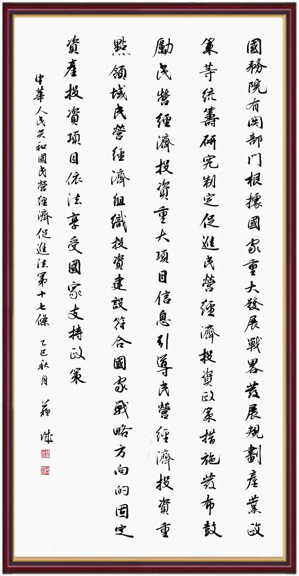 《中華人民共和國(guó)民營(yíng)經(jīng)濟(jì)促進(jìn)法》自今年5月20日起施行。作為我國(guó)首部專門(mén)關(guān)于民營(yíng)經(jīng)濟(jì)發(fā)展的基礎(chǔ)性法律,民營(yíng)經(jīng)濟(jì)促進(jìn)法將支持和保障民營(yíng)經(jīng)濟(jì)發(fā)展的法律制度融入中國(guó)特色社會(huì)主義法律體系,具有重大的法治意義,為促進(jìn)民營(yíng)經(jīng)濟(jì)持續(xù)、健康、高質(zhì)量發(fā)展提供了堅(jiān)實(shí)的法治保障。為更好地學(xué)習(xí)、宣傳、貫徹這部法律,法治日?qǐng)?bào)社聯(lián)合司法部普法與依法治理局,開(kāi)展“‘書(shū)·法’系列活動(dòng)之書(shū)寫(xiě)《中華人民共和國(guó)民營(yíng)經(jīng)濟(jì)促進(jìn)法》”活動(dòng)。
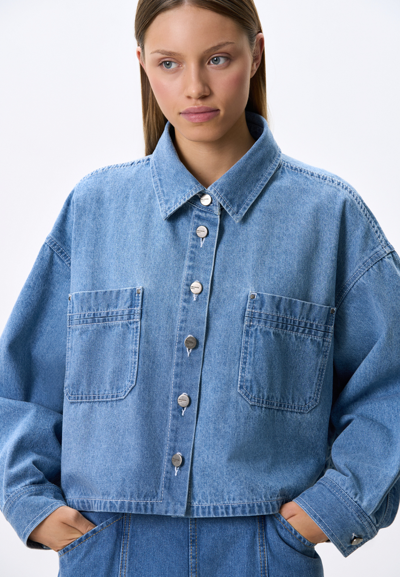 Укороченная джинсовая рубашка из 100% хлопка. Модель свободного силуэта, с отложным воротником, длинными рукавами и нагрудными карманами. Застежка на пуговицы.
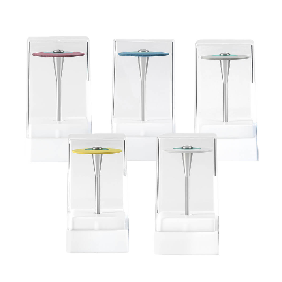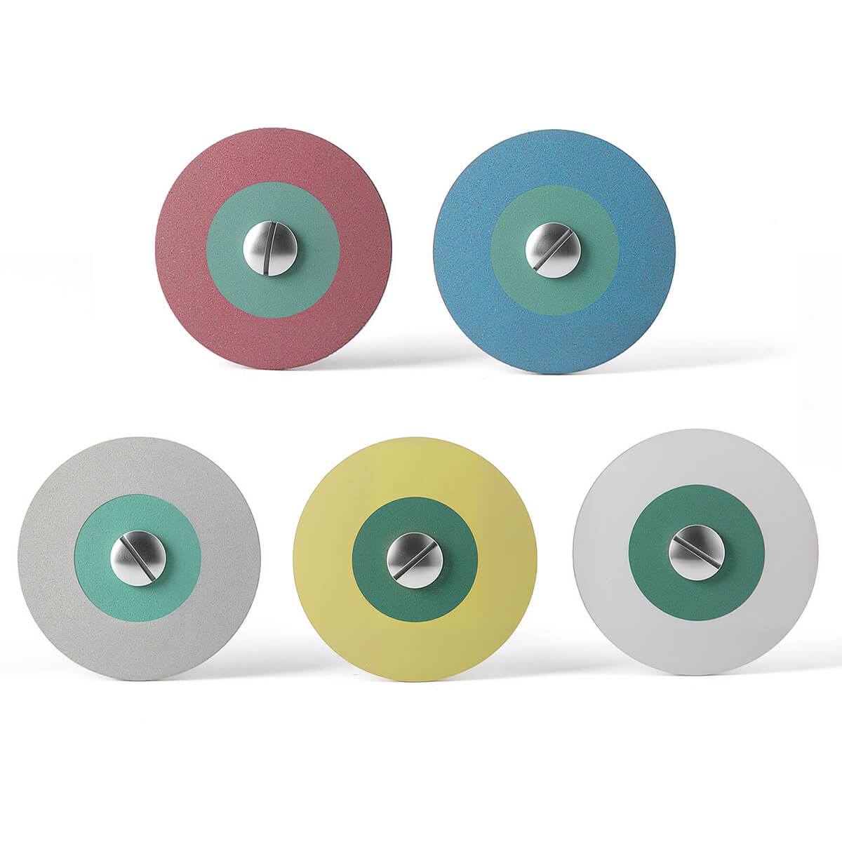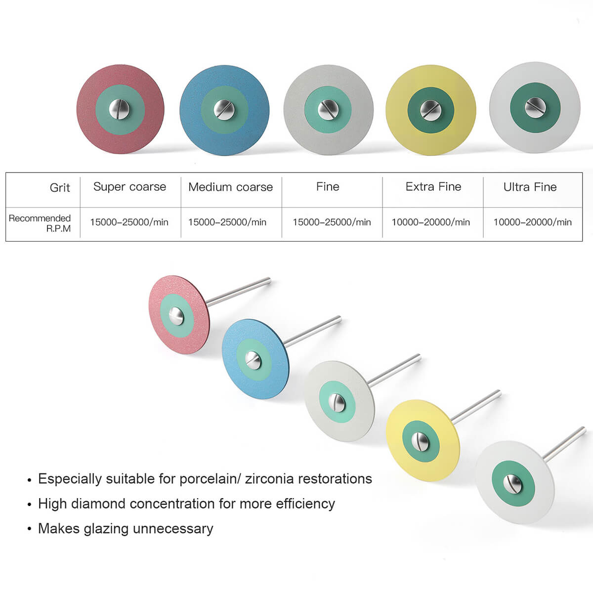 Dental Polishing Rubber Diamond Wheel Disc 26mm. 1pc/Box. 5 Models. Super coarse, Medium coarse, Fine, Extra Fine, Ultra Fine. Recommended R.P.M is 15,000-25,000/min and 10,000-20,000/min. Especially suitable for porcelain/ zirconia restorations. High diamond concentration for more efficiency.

- - -

A faithful copy of the data is required: each word kept, each picture omitted.

= Answer box =
 《中華人民共和國(guó)民營(yíng)經(jīng)濟(jì)促進(jìn)法》自今年5月20日起施行。作為我國(guó)首部專門(mén)關(guān)于民營(yíng)經(jīng)濟(jì)發(fā)展的基礎(chǔ)性法律,民營(yíng)經(jīng)濟(jì)促進(jìn)法將支持和保障民營(yíng)經(jīng)濟(jì)發(fā)展的法律制度融入中國(guó)特色社會(huì)主義法律體系,具有重大的法治意義,為促進(jìn)民營(yíng)經(jīng)濟(jì)持續(xù)、健康、高質(zhì)量發(fā)展提供了堅(jiān)實(shí)的法治保障。為更好地學(xué)習(xí)、宣傳、貫徹這部法律,法治日?qǐng)?bào)社聯(lián)合司法部普法與依法治理局,開(kāi)展“‘書(shū)·法’系列活動(dòng)之書(shū)寫(xiě)《中華人民共和國(guó)民營(yíng)經(jīng)濟(jì)促進(jìn)法》”活動(dòng)。
 Укороченная джинсовая рубашка из 100% хлопка. Модель свободного силуэта, с отложным воротником, длинными рукавами и нагрудными карманами. Застежка на пуговицы.
 Dental Polishing Rubber Diamond Wheel Disc 26mm. 1pc/Box. 5 Models. Super coarse, Medium coarse, Fine, Extra Fine, Ultra Fine. Recommended R.P.M is 15,000-25,000/min and 10,000-20,000/min. Especially suitable for porcelain/ zirconia restorations. High diamond concentration for more efficiency.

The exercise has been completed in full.